## [Work to be completed]
For this exercise, repeat exactly the lines below starting at the line holding "Adicione um gráfico" and ending at the line holding "At the start", both included, with no extra lines and no pictures.

## [Source records]
'''

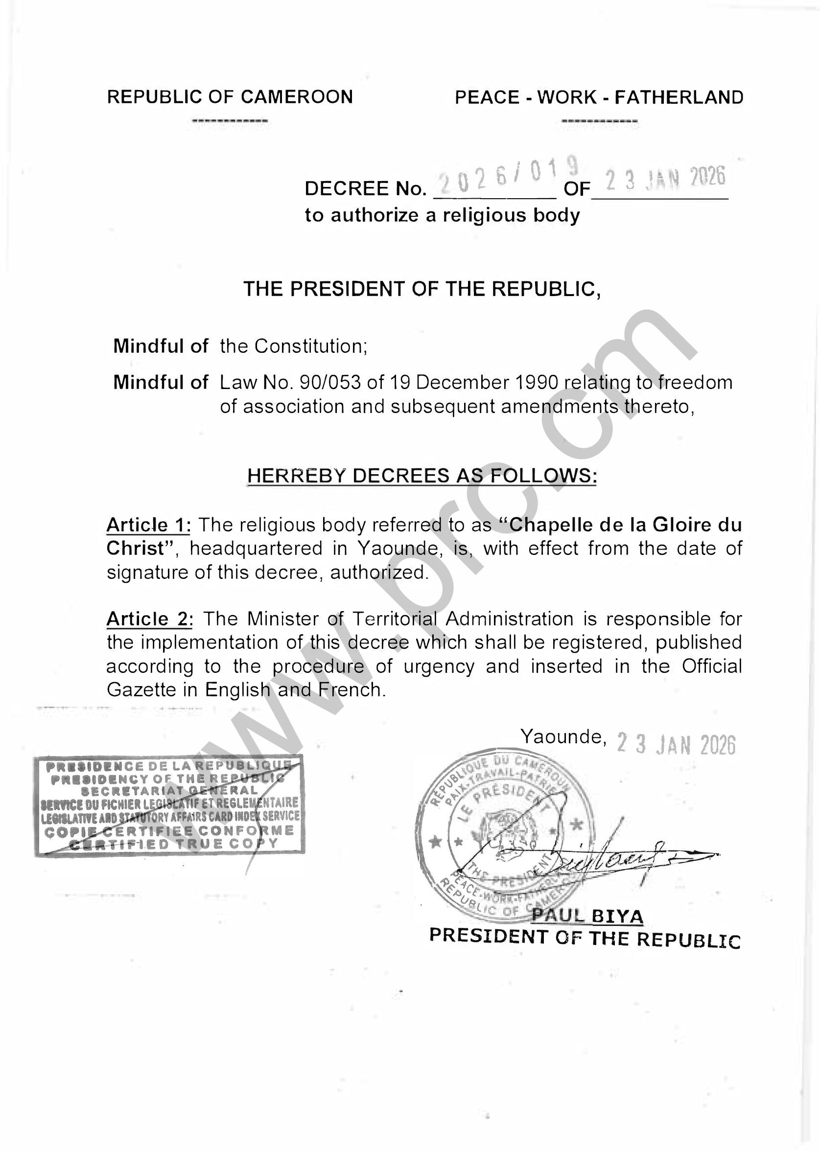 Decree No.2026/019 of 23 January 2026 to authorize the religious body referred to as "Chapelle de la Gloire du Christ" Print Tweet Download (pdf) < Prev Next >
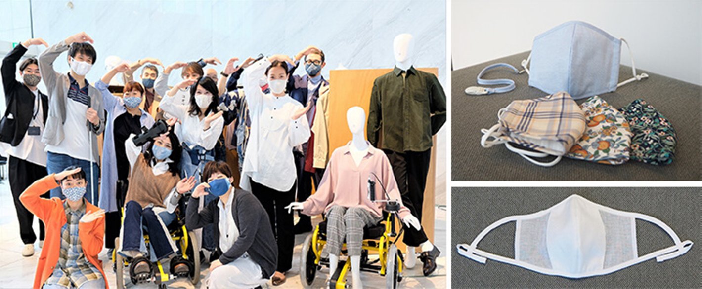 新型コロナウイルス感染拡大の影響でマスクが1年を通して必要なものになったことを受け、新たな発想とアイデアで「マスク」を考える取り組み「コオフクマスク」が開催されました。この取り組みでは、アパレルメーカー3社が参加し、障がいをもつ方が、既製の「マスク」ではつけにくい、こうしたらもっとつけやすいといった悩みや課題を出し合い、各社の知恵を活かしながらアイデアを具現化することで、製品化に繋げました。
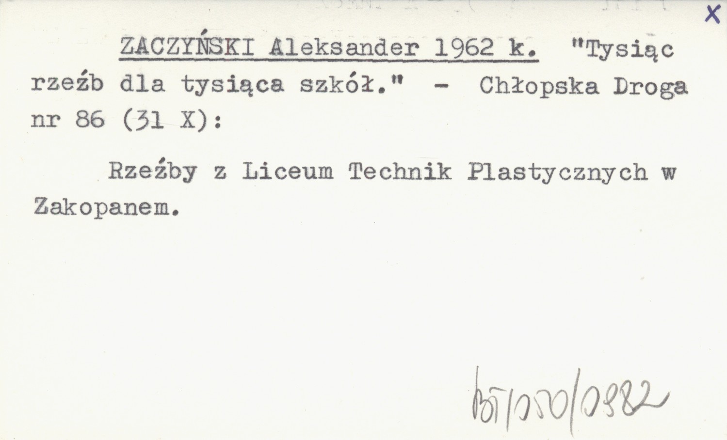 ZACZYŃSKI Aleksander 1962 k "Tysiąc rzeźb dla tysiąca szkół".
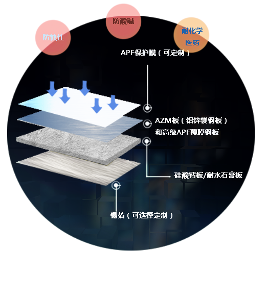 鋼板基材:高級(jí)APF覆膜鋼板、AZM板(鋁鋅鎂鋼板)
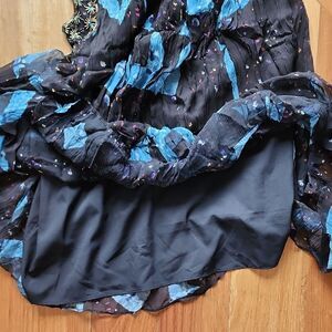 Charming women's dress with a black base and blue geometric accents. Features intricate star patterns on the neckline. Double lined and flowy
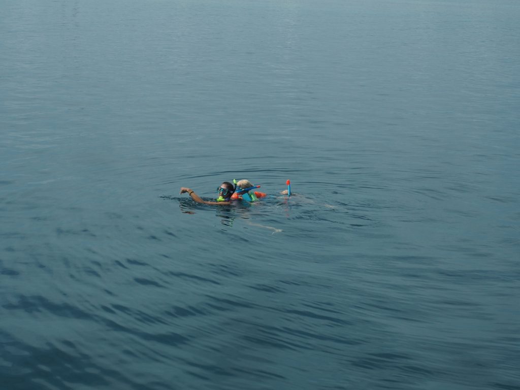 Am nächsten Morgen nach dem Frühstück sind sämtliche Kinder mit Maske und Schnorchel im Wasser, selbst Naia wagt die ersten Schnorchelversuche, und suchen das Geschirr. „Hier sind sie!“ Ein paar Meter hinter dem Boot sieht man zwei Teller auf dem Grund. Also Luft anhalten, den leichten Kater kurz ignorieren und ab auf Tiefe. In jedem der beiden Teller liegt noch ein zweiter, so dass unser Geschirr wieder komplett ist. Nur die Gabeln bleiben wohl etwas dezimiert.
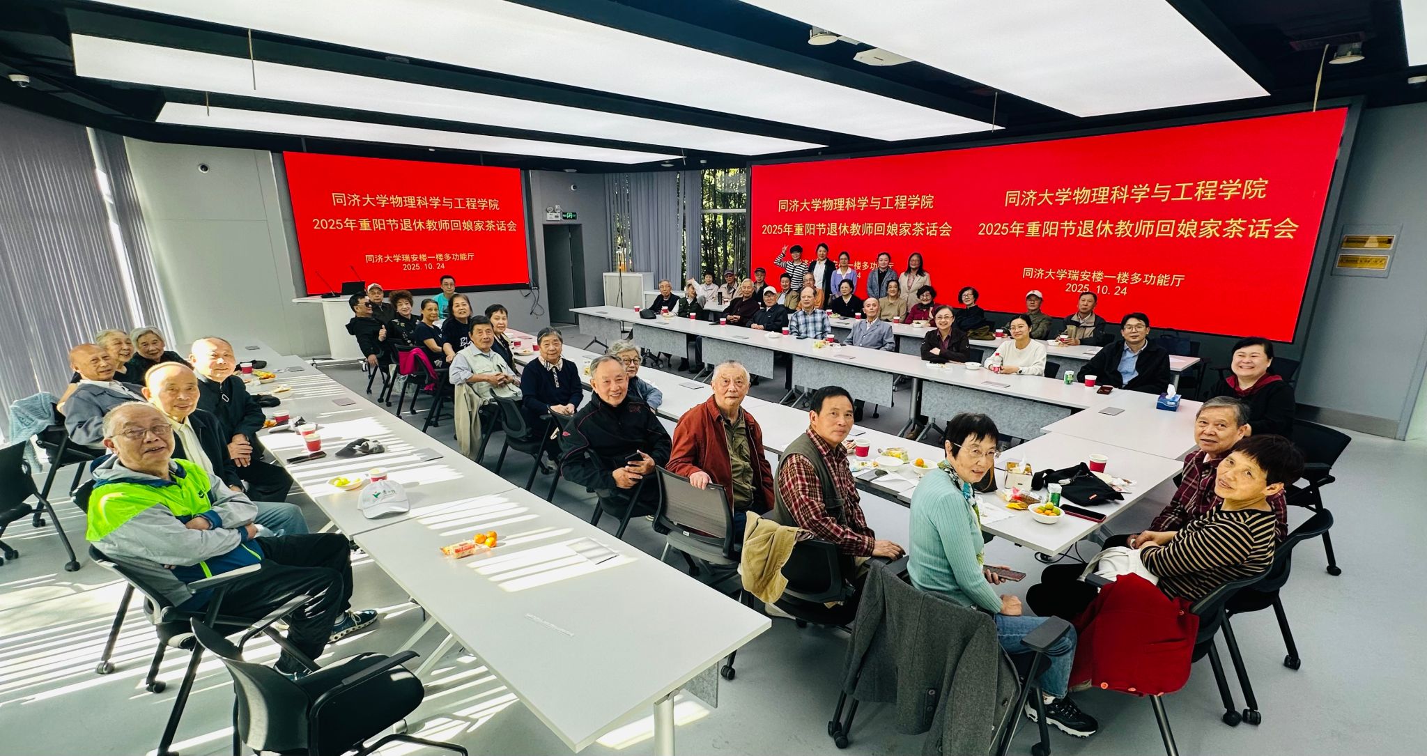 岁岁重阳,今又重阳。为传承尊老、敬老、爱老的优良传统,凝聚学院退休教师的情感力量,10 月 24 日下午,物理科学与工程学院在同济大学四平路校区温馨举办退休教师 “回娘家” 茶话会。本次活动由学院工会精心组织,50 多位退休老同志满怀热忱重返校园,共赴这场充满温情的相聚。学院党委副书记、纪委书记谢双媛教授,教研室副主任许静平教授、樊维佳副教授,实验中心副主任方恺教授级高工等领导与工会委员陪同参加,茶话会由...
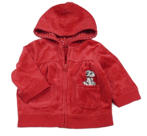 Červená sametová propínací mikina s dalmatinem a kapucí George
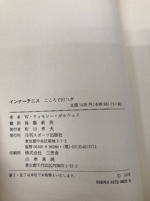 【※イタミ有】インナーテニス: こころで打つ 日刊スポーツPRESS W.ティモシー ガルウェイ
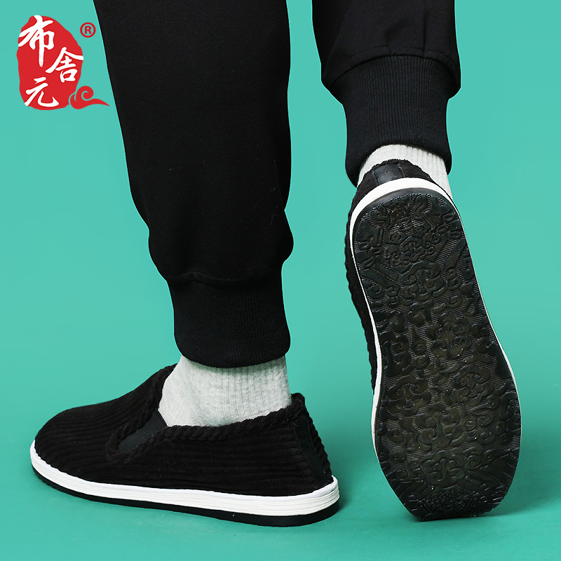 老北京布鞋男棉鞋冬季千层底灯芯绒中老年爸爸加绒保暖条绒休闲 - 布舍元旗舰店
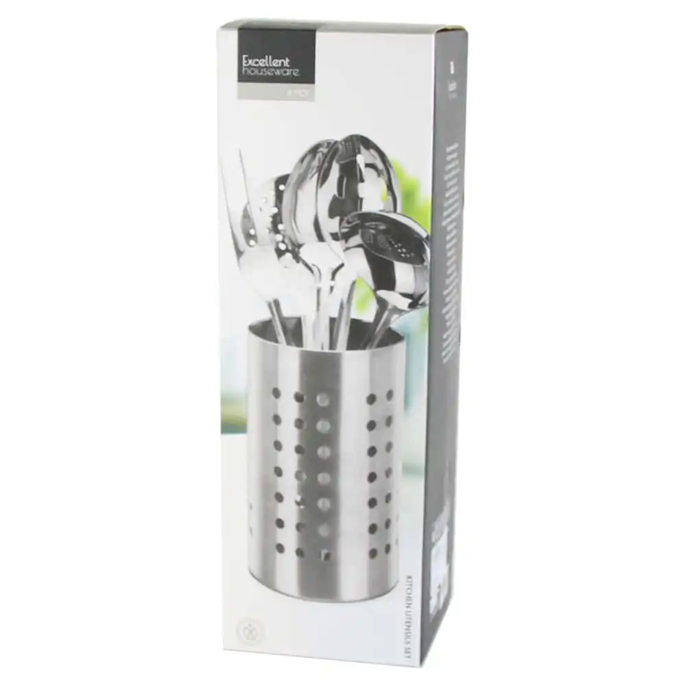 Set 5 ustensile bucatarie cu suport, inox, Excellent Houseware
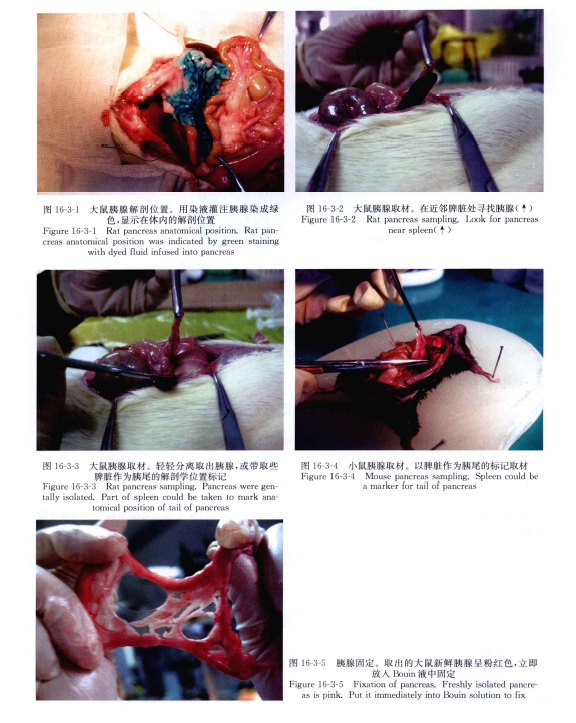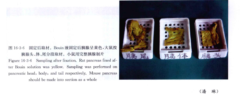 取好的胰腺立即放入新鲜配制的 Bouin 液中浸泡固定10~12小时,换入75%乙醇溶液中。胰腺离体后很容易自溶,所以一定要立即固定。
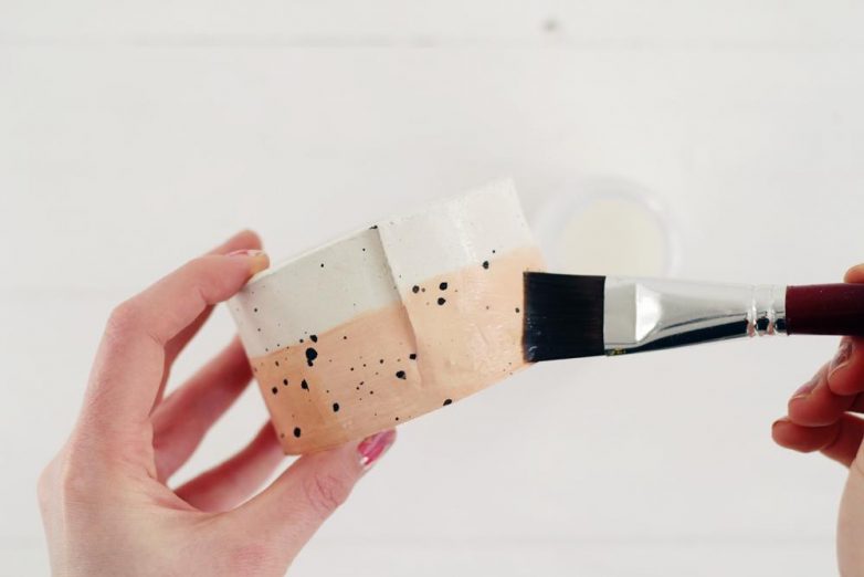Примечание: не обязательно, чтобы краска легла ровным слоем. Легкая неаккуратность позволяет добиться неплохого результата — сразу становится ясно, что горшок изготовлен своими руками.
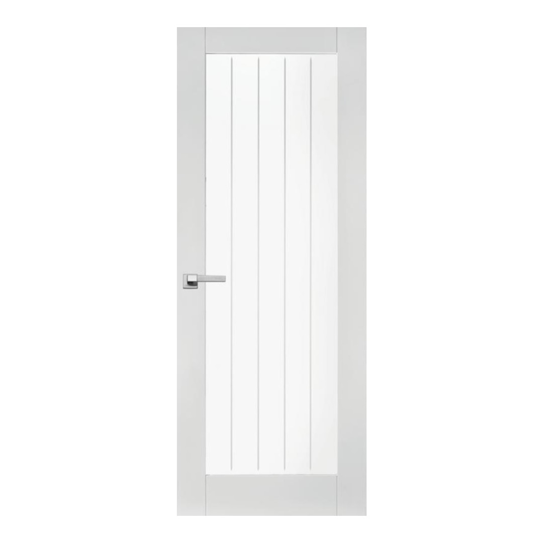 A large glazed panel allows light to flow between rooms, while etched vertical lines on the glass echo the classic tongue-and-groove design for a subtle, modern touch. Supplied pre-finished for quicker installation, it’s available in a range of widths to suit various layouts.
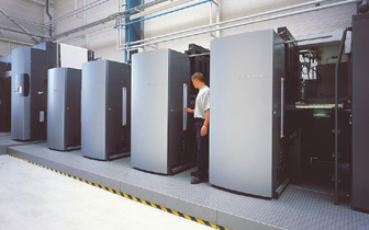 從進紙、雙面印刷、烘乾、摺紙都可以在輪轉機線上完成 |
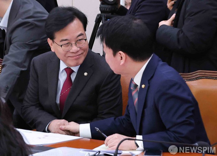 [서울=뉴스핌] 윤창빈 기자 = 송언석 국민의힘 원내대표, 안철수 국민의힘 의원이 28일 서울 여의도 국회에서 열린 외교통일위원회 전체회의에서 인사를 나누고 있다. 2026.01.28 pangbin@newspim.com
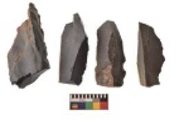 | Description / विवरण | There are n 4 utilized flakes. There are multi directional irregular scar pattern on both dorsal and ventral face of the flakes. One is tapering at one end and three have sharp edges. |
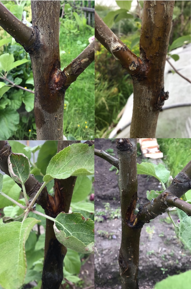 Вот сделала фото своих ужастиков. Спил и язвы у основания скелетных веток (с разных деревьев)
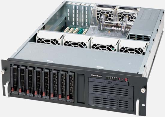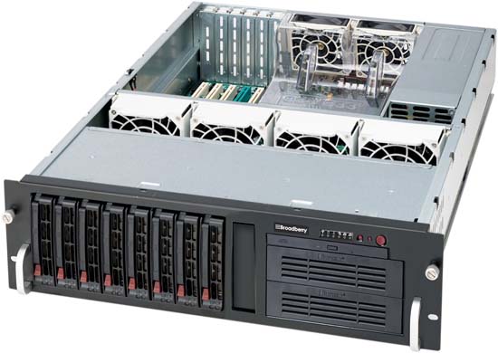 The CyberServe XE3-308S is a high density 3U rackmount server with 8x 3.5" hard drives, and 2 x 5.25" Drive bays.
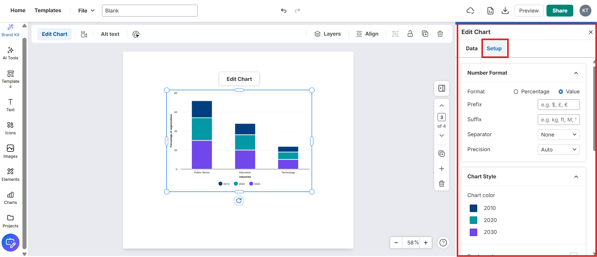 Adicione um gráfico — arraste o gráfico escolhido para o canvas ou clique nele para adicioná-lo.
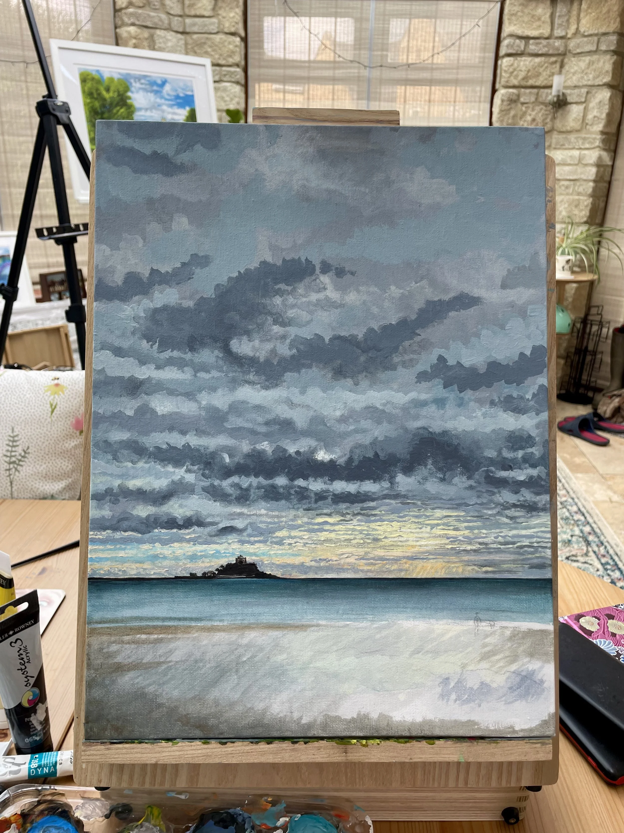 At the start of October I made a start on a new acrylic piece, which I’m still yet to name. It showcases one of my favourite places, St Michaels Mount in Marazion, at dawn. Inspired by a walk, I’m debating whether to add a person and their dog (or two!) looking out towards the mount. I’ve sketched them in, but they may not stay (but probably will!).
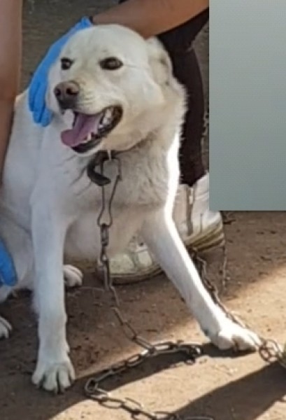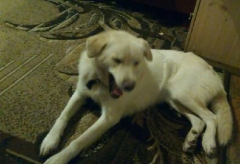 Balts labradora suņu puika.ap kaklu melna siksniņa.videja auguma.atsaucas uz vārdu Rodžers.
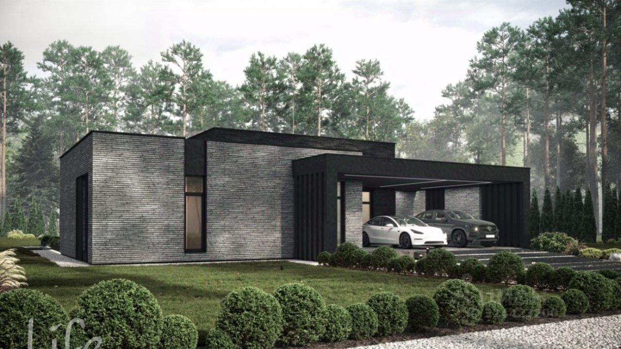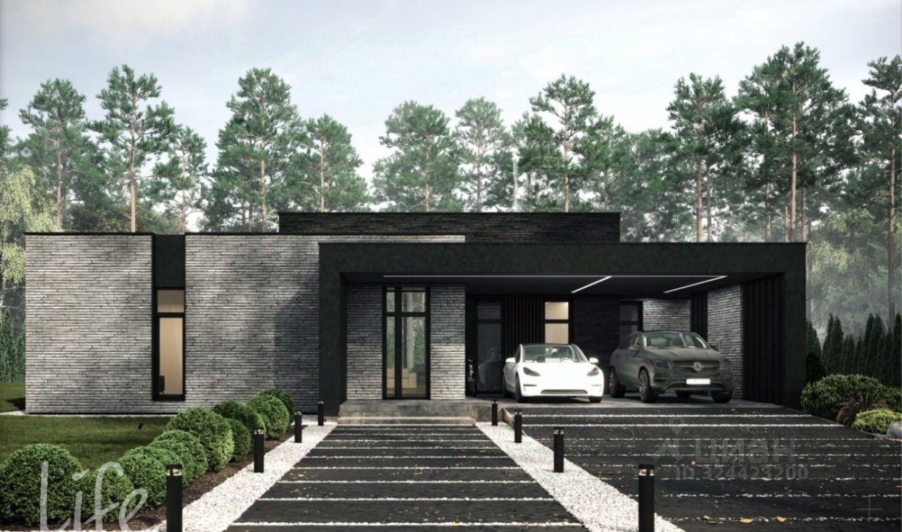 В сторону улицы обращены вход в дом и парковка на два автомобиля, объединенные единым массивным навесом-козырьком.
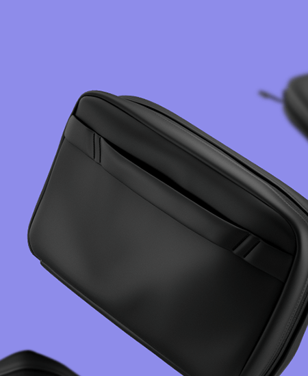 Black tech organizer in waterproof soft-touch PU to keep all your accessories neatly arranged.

'''

## [Answer area]
 Adicione um gráfico — arraste o gráfico escolhido para o canvas ou clique nele para adicioná-lo.
 At the start of October I made a start on a new acrylic piece, which I’m still yet to name. It showcases one of my favourite places, St Michaels Mount in Marazion, at dawn. Inspired by a walk, I’m debating whether to add a person and their dog (or two!) looking out towards the mount. I’ve sketched them in, but they may not stay (but probably will!).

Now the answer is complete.